Лермонтов. Одиночество

Черное небо, как черное море,

Плещется в окнах моих.

Радость рожденья и смертное горе

Отданы нам на двоих.

Белым пятном среди волн

непокорных -

Трепетный парус любви.

Он одинок. И безжалостны волны.

Господи, благослови

Этот кусочек надежды и счастья,

Дай ему выжить в бою!

Черное небо, как я, безучастно

В этом безлюдном раю...

***

Волошин. Одиночество

Черное море бьется в его глазах.

Тень Карадага вздыбилась черной птицей.

Время, как реку, не повернуть назад.

Все, что случилось, было должно случиться.

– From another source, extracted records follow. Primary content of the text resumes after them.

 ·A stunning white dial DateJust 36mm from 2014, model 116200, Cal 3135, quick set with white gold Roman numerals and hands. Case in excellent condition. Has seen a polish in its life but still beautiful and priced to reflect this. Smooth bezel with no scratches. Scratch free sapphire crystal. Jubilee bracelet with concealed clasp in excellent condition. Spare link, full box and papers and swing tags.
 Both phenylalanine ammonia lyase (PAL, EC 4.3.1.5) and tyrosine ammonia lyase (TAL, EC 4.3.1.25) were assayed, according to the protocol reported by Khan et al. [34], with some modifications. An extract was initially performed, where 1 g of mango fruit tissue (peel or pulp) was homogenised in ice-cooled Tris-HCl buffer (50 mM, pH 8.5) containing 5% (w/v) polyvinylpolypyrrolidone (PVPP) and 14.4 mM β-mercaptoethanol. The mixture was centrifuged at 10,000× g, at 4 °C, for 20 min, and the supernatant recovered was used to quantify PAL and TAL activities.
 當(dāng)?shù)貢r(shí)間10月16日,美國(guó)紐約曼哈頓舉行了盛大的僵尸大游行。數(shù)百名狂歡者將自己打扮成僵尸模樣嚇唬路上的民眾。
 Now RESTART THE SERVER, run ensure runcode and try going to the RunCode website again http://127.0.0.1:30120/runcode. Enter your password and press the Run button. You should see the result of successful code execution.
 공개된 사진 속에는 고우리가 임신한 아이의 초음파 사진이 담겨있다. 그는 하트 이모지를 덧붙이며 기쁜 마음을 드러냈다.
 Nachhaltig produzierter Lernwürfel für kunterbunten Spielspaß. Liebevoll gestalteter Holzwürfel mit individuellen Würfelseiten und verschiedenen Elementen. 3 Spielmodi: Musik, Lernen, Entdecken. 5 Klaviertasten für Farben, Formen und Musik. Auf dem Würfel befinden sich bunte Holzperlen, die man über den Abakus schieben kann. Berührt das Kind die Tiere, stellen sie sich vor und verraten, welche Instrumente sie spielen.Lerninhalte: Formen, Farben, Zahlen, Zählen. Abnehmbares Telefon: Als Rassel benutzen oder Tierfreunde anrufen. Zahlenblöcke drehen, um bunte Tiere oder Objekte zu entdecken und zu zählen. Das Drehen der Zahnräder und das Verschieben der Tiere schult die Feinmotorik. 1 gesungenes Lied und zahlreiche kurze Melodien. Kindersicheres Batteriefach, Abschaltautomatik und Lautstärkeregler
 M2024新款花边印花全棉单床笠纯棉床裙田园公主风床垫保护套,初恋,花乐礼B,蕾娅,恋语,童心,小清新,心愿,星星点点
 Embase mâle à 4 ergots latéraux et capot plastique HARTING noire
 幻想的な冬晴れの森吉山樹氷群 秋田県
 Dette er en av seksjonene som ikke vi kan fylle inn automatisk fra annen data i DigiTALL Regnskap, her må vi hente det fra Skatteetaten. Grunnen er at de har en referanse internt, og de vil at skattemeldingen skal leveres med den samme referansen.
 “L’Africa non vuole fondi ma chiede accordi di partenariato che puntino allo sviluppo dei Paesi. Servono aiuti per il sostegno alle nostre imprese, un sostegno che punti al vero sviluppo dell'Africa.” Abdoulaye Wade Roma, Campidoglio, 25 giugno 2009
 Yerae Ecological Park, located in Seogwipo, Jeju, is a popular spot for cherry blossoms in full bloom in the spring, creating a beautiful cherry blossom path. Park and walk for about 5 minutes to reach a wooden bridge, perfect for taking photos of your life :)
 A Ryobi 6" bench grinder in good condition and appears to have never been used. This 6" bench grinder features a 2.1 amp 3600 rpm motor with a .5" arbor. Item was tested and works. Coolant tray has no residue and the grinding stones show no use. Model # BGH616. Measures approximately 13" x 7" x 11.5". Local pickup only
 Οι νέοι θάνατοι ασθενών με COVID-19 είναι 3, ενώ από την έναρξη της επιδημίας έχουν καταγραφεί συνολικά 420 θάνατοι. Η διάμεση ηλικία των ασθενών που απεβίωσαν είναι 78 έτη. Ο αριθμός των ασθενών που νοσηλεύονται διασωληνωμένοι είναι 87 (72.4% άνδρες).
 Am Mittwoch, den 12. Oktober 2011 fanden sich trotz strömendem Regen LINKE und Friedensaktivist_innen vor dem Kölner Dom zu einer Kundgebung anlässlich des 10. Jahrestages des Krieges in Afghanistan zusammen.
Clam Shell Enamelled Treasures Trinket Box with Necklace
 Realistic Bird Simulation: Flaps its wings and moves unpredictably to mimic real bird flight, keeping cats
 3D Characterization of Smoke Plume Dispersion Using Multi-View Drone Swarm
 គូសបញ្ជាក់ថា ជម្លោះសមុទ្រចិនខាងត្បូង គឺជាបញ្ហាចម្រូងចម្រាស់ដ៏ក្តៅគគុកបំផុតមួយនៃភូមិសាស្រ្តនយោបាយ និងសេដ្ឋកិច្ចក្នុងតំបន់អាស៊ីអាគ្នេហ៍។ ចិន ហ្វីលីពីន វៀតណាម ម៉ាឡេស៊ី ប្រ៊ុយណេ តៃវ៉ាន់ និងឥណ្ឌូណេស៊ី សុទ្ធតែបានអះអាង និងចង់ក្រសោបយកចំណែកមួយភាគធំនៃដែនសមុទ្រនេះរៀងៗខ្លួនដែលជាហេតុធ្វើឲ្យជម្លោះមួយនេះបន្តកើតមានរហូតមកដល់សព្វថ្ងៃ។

Души спасенных встретят его в раю.

Тихо прижмутся, радуясь и печалясь.

Сидя в небесной лодке, на самом ее краю,

Грустно прошепчет: «С Машенькой

не попрощались...»

***

Есенин. Одиночество

Декабрьский день тихонько сгинул.

Мне сердце рвет двадцатый век.

И даже ты меня покинул,

Мой друг - мой черный человек.

Но сколь веревочке ни виться -

Конец петлей лежит у ног.

В дверь «Англетера» смерть стучится

И тихо воет, как щенок.

Я ей открою... Сколько можно?

Я выпит дочиста, до дна.

Жизнь безоглядно-безнадежна.

А смерть - одна.

Игорь Даренко

...На каждом перекрестке

В ее радужках ты, как и прежде, незрим…

С безответной любовью тихонько замри

и шепчи про себя: доползи, доберись

и ласкательно-страстно ей руку обвей,

мой крестовый браслет,

мой гранатовый змей!

***

Ты коснулась моего плеча нечаянно.

Как я мог с тобой заговорить?

Сколько прежних призраков растаяло!

Путеводная пропала нить.

Встретил твой стремительно

взметнувшийся

взгляд - испуганный,

но цепкий взгляд.

О, Тезей, чудовищем укушенный! -

Ариадна поправляла прядь.

Вынесло толпой на остановку,

и ушел троллейбус-минотавр…

О моей ахейской незнакомке

рвутся струны замирающих ситар!

***

На сцене, сер и тривиален,

занудно монолог пропев,

Офелию целует Гамлет,

не отвлекаясь на партер.

Целует, позабыв сценарий,

на весь спектакль он наплевал…

«Сегодня, братцы, он в ударе!» -

завзятый шепчет театрал.

…Целует, не переставая,

касаясь жгуче-нежной кожи…

Бледнеет рампа золотая.

Но рукоплещут, стоя, ложи.

***

Отдохни еще раз от любви, от святой

и от грешной!

Пусть и не было пульса горячки

и сломанных чувств.

Пусть и не было вовсе любви…

Мир вокруг безутешен,

как и внутренний космос, в глаза

пропускающий грусть.

Отдохни от весны, от бесстрашно

цветущего бреда,

отдохни от мечты, от глубоких,

но нежных тревог!

Запредельная страсть, как

и пошлая связь, напоследок,

может быть, застучит

до хмельного безумья в висок.

А пока отдохни от любви,

от простой и от сложной,

от сближения уст, от взаимно

теплеющих ласк!

Исчезает в расчете духовная

непреложность.

И острее разлука глядит

из тоскующих глаз…

***

На солнце заката молчит моя сонная грусть.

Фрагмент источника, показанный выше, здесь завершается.